Od pierwszego spojrzenia
Na początku były litery,
poznawałam je, ciągle pytając
"co tu jest napisane?", gazety
niby badacz dzień w dzień oglądałam.
Dotykając czarnych znaczków na kartkach,
chciałam poznać każdy z osobna,
i próbując w mądre słowa je składać,
zaczynałam sylabizować,
w końcu czytać, szybko, płynnie,
zachłannie
- bajki, baśnie, elementarz Falskiego
i lektury nieco bardziej poważne,
dorastałam, gust zmieniał się ze mną;
bliskich sercu autorów przybyło
chociaż z wiekiem wzrok osłabł,
uwielbiam
chwile z książką - ona mi od dzieciństwa
czyni trudną codzienność znośniejszą.
Komentarze (45)
Książki zabierają nas w inny wymiar :)
Podoba się :)
Aniu podzielam te milosc do ksiazek.
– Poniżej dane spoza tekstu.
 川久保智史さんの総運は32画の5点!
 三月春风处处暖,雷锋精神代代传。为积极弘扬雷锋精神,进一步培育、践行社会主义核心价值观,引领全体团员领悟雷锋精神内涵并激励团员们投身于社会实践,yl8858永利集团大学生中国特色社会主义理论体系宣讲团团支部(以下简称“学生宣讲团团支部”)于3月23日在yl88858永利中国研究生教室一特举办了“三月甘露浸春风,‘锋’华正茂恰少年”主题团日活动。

Ladnie o tym
napisalas. Moc serdecznosci.
Kocham książki.Nauczyłam się czytać gdy miałam 6 lat i
ta miłość trwa do dziś.Świetny wiersz.Pozdrawiam.
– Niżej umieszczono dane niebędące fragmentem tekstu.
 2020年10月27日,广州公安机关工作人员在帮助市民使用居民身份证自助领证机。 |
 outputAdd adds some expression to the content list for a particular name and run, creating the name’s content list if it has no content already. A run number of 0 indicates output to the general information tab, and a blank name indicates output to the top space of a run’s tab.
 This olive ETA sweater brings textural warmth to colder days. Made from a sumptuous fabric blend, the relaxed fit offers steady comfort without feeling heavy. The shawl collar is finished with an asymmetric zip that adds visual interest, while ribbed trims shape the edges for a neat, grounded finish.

ile trudu od dziecka, ale warto;)
też lubię. Pozdrawiam Aniu :)
są takie tytuły
do których wracam po raz wtóry...
+ Pozdrawiam :)
ładny przekaz .. ja czytam trochę mniej .. Przygoda ..
wojna .. kryminały .. historia ..
"uwielbiam chwile z książką" - tak jak ja :)
Napisałem nawet o tym sonet i zamieściłem tutaj kilka
dniu temu.
Dobre przesłanie. Pozdrawiam.
Czytelny przekaz :)
Pozdrawiam, Aniu.
tak właśnie zaczyna się nauka od małego brzdąca, od
mama, a co to? poprzez obrazki, czarne znaczki,
cyferki i zwierzaczki aż do atmosferki i tablicy
Mendelejewa, aż dochodzi do pisania wierszy, wydawania
książek itd.itp.Pozdrawiam...
Książka to możliwość "zaszycia" się w inny, tylko
"mój" świat.
Pozdrawiam serdecznie:)
Witaj,
seredecznie dziękuję za podpowiedź - to jest to...
Twój utwór jest jakby kopią mojego życiorysu na pewnym
etapie, a potdem to już były tomy za tomami i
biblioteki po bibliotekach między tymi księgarnie...
Jest nas wiele - co wynika tez z komentarzy.
Serdecznie pozdrawiam.
Molem nie byłem, ale dobra książka
to nektar
dla ciała i duszy!
:)
Serdecznie pozdrawiam!
W wieku ośmiu lat przeczytałem
Sienkiewiczowską trylogię
i połknąłem bakcyl czytania.
Przeczytałem w życiu niezliczoną
ilość książek. Teraz także
czytam, ale z pewnych względów
wyłącznie literaturę naukową
z dziedziny ekonomii.
Rozumiem Twój głód czytania
wyrażony w tekście wiersza.
Miłego wieczoru Aniu:}
Ja też lubię książki.
Ostatnio na tapecie "dziunia" Anny M. Nowakowskiej-
wciągająca...
Pozdrawiam :)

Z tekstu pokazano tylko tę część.